Estranhamente, a Monte Azul figura como sócia desta empresa de Santo André, conforme monstra o Cadastro Nacional de sociedades (consultasocio).

A Peralta e a Monte Azul atuam em sociedade, inclusive, em cidades aqui da região, como Botucatu e Lins.

SUSPEITAS E ILEGALIDADES

Consultores jurídicos ouvidos pelo JP foram unânimes em afirmar que o contrato emergencial (sem licitação) feito entre a Prefeitura de Marília e a empresa Peralta Ambiental Importação e Exportação, com sede em Santo André, é ilegal, pois a mesma pertence ao mesmo grupo econômico da empresa Monte Azul, que suspendeu as atividades do transbordo de lixo este semana, alegando calotes de R$ 13 milhões (incluindo a coleta de lixo em parte da cidade).

"Inclusive, esse contrato é passível de investigação por suposta ruptura proposital do contrato, com vistas à contratação da outra empresa do mesmo grupo econômico", avaliou um dos juristas."Se não tinha dinheiro para pagar a Monte Azul, como tem dinheiro para contratar outra empresa?", questionam. 

Apontou ainda que o fator emergência, nesse caso, não exclui as responsabilidades das partes envolvidas diante da Lei. 8666/93 (Lei das Licitações). "As empresas pertencem ao mesmo grupo econômico e isso é ilegal no aspecto contratual em questão", finalizou.

CONTRATO IRREGULAR EM SANTO ANDRÉ

A Peralta Ambiental Importação e Exportação efetuou contrato irregular com a Prefeitura de Santo André, conforme constatado pelo TCE (Tribunal de Contas do Estado). Relator do caso no TCE, o conselheiro Antonio Roque Citadini indicou que o edital aberto à ocasião tinha artigos que restringiam a competitividade, o que pode sinalizar direcionamento do certame. Ele comentou que, de 70 empresas que retiraram as regras de participação na licitação, somente três efetivamente formalizaram proposta, o que denota pouca concorrência.

Um dos itens mais criticados por Citadini foi a exigência da concorrente em apresentar CNPJ (Cadastro Nacional de Pessoa Jurídica) do aterro sanitário.

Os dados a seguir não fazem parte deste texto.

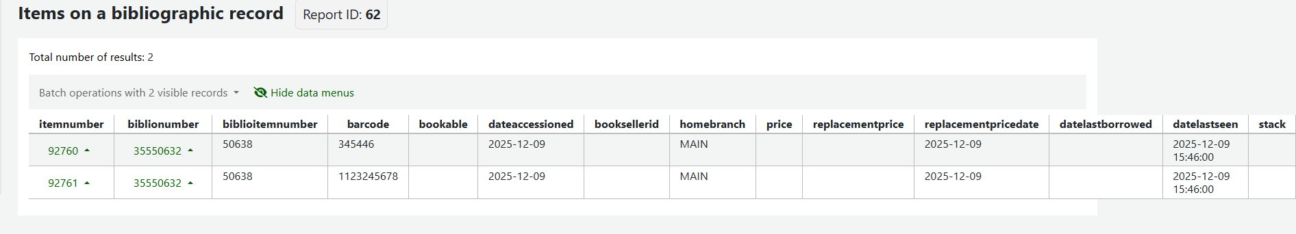 This report looks at all the content in the items table but it uses the WHERE function to limit the report to a specific bibliographic record. This prevents the report from bringing back all information from all items on the system and potentially slowing the system.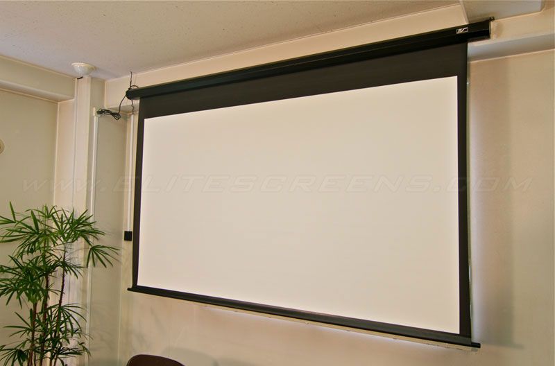 Elite Screens Spectrum Series is a versatile electric motorized screen that fits perfectly in either residential or commercial wall/ceiling applications. Its MaxWhite® 2 1.1 gain projection material displays a bright picture regardless of viewing angle.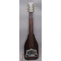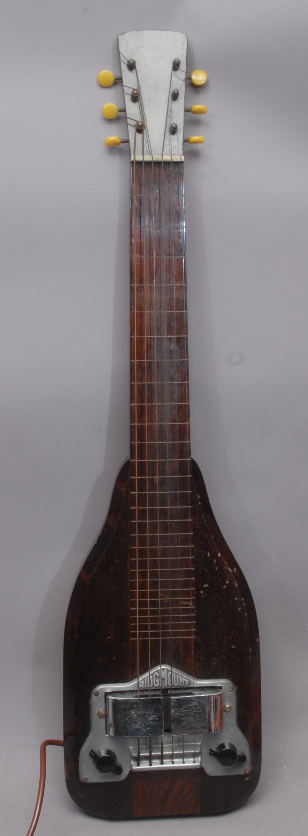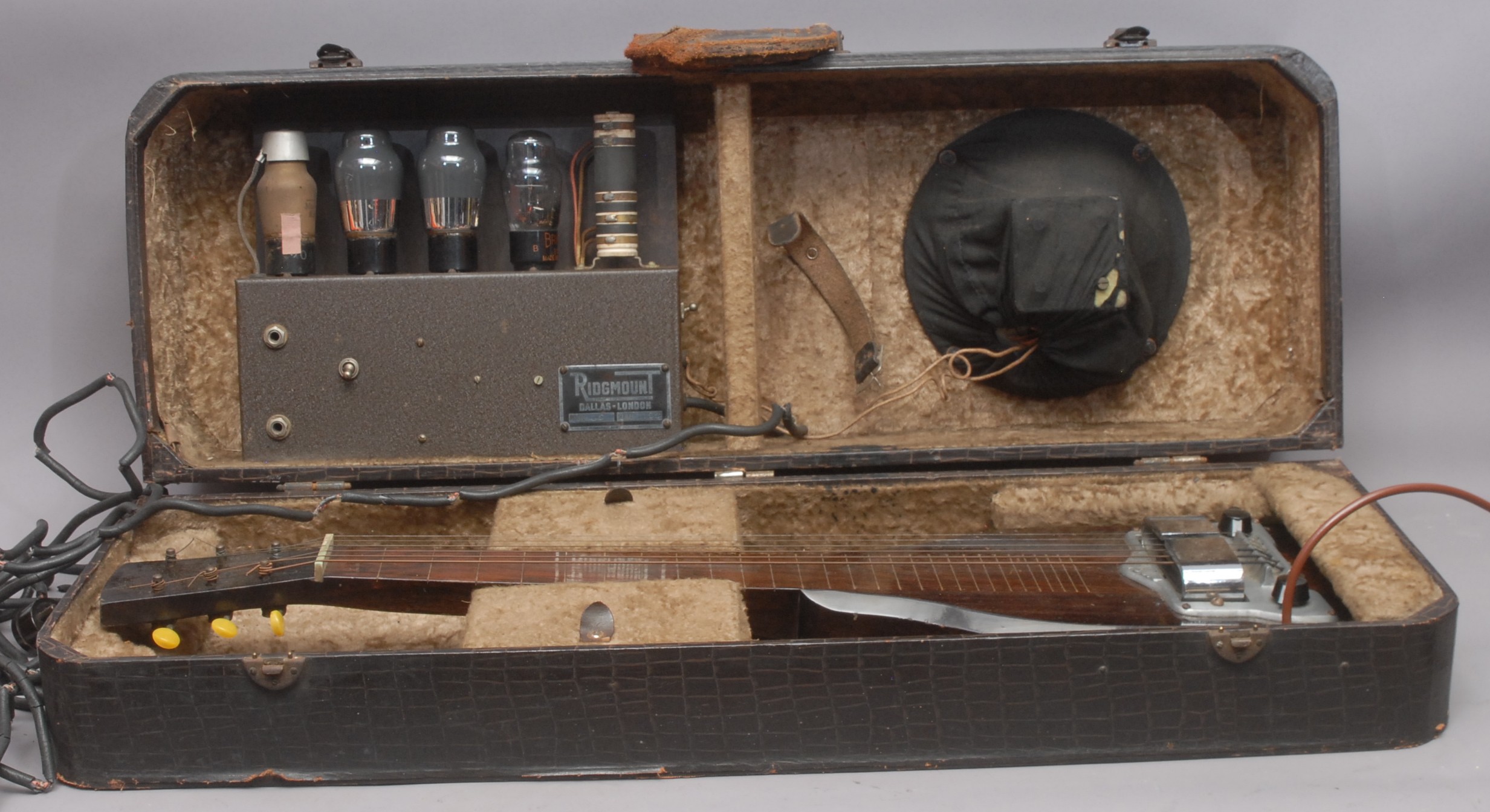 A rare and unusual interesting 1930s/40s Ridgmount Rosewood and oak six string Lap guitar, 80cm long, cased with built in four valve amplifier and speaker, marked Dallas, London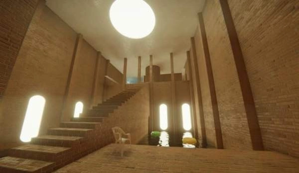 进入圆形区域黑暗楼梯的深处直至播放音效。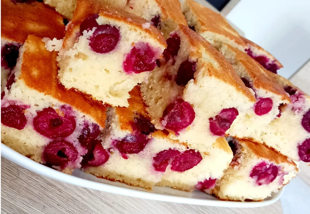 This fruit bublanina is incredibly fluffy and moist thanks to kefir. The cherries give the cake a pleasant tart flavor that pairs perfectly with the sweet batter. If you try it once, you’ll surely love it and bake it again and again!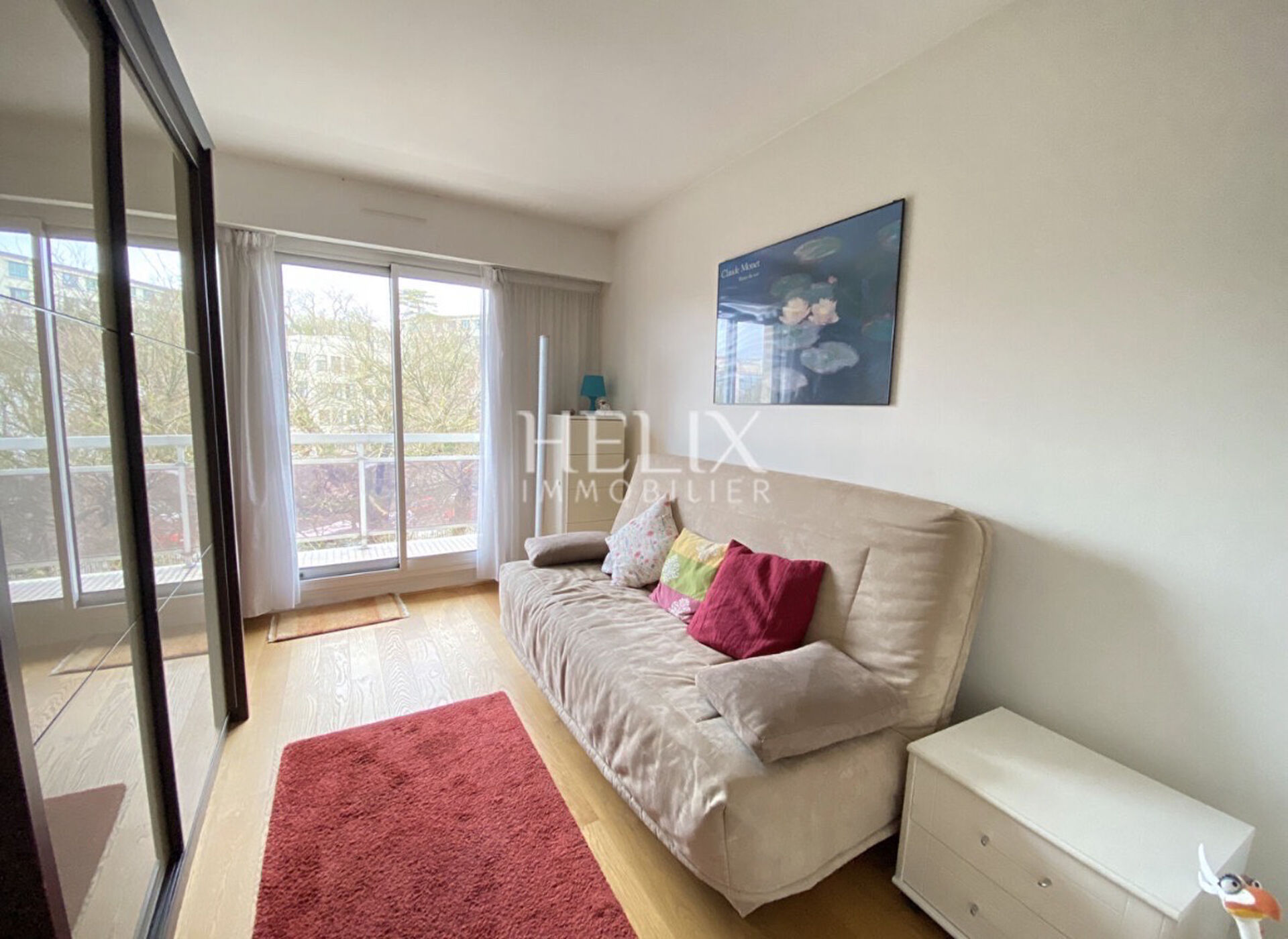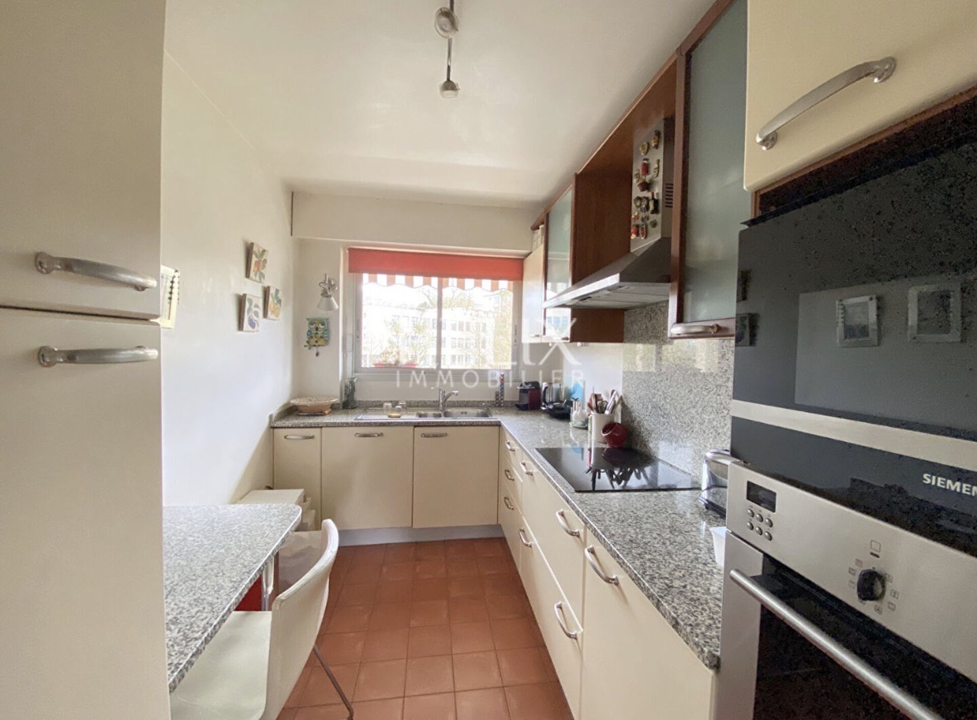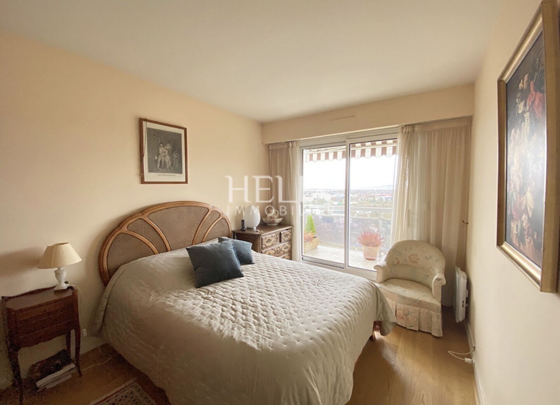 L'entrée dessert un vaste double séjour bénéficiant d'une belle luminosité et prolongé par un grand balcon avec une vue dégagée sur Paris et La Défense. La cuisine, indépendante, est aménagée fonctionnelle, offrant un espace agréable au quotidien.

Na visão dele, esse artigo foi determinante para afastar concorrentes e prejudicar a busca pelo melhor preço.

“A exigência de apresentação prévia, antes mesmo da adjudicação (confirmação do contrato), de endereço e de CNPJ do aterro sanitário, contraria o artigo 30, parágrafo 6º da Lei de Licitações (8666/1993), eis que a exiguidade de prazo fixada no edital para apresentação acabou por criar indevida obrigação de que todas as licitantes dispusessem de espaço destinado ao aterro, que acarretou em prejuízo à competitividade do certame, já que das 70 empresas que retiraram edital, apenas três participaram do certame”, indicou.

O contrato firmado entre a Prefeitura de Santo André e a Peralta Ambiental foi de R$ 44,3 milhões. Foi aditado por cinco anos, prazo máximo estipulado pela legislação.

Apesar de indicação de irregularidades contratuais, a Peralta Ambiental continua atuando em Santo André, com pagamentos de até  R$ 178,2 milhões. 

OUTROS CONTRATOS SUSPEITOS

O TCE (Tribunal de Contas do Estado) também investigou e apontou suspeita de irregularidade em contrato assinado pela prefeitura de Itaquaquecetuba com a Peralta Ambiental Importação e Exportação.

O conselheiro Edgard Camargo Rodrigues assinou despacho indicando que a Secretaria Diretoria-Geral do TCE apresentou lista de irregularidades do contrato e da licitação feita pela gestão de Mamoru Nakashima (PSDB) e deu prazo para que o governo tucano e a prestadora de serviço se expliquem. O contrato  envolveu R$ 66,4 milhões pelos serviços de coleta e destinação final de lixo.

As empresas Monte Azul e Peralta Ambiental também atuam juntas em Lins. Lá, um contrato da Prefeitura com a Monte Azul, sem licitação, virou Ação Civil Pública por Improbidade e Danos aos cofres públicos.